Wir sind am Donnerstag um 19 Uhr in Bangalore losgefahren und 18 Stunden später in Goa am Strand (Palolem Beach) angekommen. Die Fahrt war nicht wirklich spassig, bis zur Beach mussten wir noch 2x umsteigen. Das Problem war, dass die Busse der Privaten Busgesellschaften schon ausgebucht waren und wir so mit dem KSRTC (staatlich) fahren mussten. Die Bus hatte zwar 'Push-Back-Seats', das heisst aber nichts! Und für meine langen Beine ist da kaum Platz, also habe ich auch eher weniger bis gar nicht geschlafen... Dafür war die Beach einfach traumhaft, wie man sich auch die Karibik vorstellt: Sonne, Sandstrand, Palmen, das Wasser fast zu warm zum schwimmen... was will man mehr?
Von Freitag bis Sonntag Abend habe ich dann eigentlich nur am Strand gelegen. Freitag Abend waren wir mit 25 Trainees (fast alle aus Bangalore) essen und anschließend ein par Bier trinken (Samstag auch :-)).

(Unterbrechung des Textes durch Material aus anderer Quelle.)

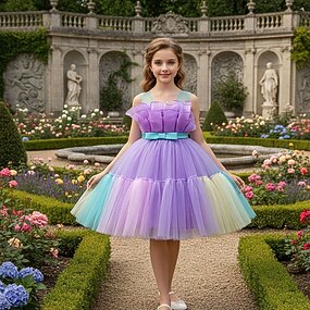 Robe de Demoiselle d'Honneur Fille Fille Robe de soirée Tenue de mariage Soirée Mariage Formel Princesse Patchwork Maille Dégradé Sans manches Col Rond Rose Claire Bleu Ciel 4 ans et +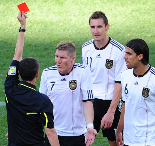 在上半場(chǎng),德國隊(duì)還占據(jù)場(chǎng)上的主動(dòng)。不過克洛澤在第12分鐘就吃到一張黃牌,而其隊(duì)友也不斷被西班牙隊(duì)出示黃牌。第37分鐘,克洛澤在防守斯坦科維奇時(shí),先鏟倒了球,這是一個(gè)可判可不判的犯規(guī),一般的裁判只會(huì)給個(gè)口頭警告。結(jié)果主裁判烏迪亞諾竟在未口頭警告的情況下,直接就出示第二張黃牌將其罰下。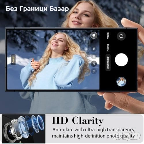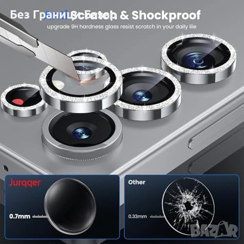 Нов S26 Ultra протектор лещи 9H сапфир + алуминиев ринг HD AR Защита камера Самсунг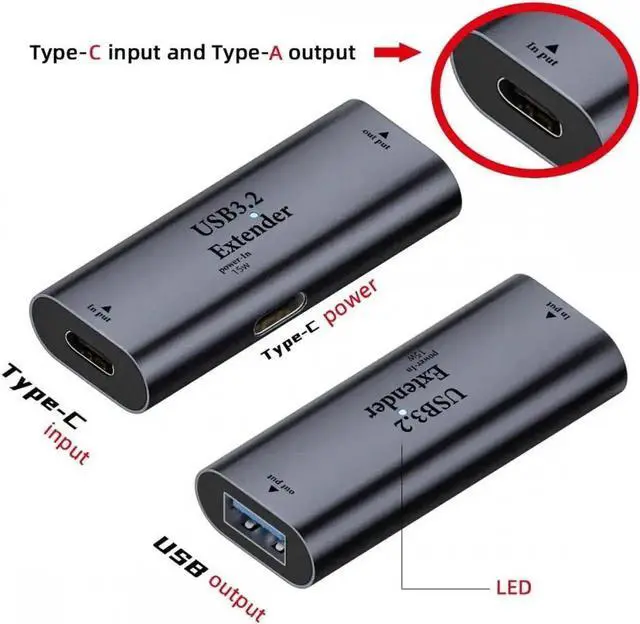 USB 3.0 Active Repeater Adapter Type-C Female Host to Type-A Female Device Extender with Chipset for Camera Printer Computer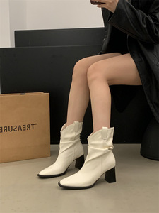 复古棕色V口粗跟堆堆中筒短靴女鞋2025秋冬尖头西部牛仔短筒靴子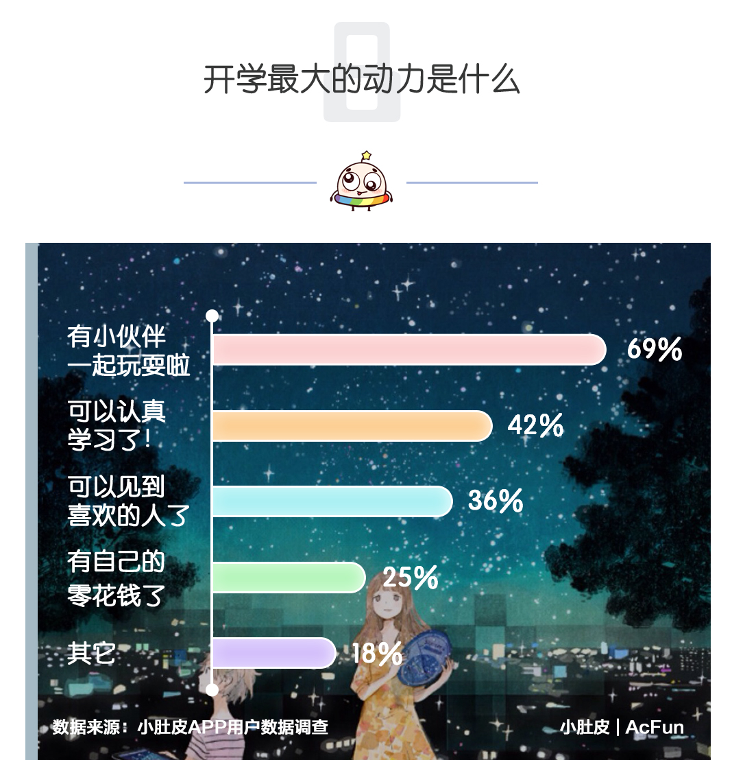 大多数00后就期待着开学后和小伙伴们一起浪到飞起了,毕竟独生子们都憋了一暑假,怪辛苦的呢!另本阿姨惊讶的是,超过40%的小盆友们竟然期待着认真学习!不亏都是根正苗中的好少年们!

Am Samstag wollte ich mir eigentlich einen Scooter ausleihen, aber Freitag ist es ein bisschen später geworden und dann hat sich das nicht mehr gelohnt. Am Sonntag haben wir dann eine kleine Bootstour gemacht: Delfine gesehen und an einem einsamen Strand ein paar Runden geschwommen. Dabei habe ich mir natuerlich einen kleinen Sonnenbrand geholt...
Sonntag um 20 Uhr sind wir dann zurück. Diesmal aber mit einem besserem Bus und direkt nach Bangalore (aber an schlafen war trotzdem nicht zu denken, da der Bus so höllisch laut war). Außerdem sind die Strassen hier nunmal nicht die besten und wenn man es sich gerade mal "bequem" gemacht hat, dann kommt 100% ein Schlagloch! Falls man dann noch einen schlechten Platz im hinterem teil des Busses hat, dann hat man eh verloren.
Montag frueh waren wir gegen 10Uhr wieder in Bangalore und ich dann um kurz vor 12 (3 Stunden zu spät) bei meiner Arbeit.
Das war Goa! Werde auf alle Fälle nochmal hinfahren und dann nicht nur am Strand liegen!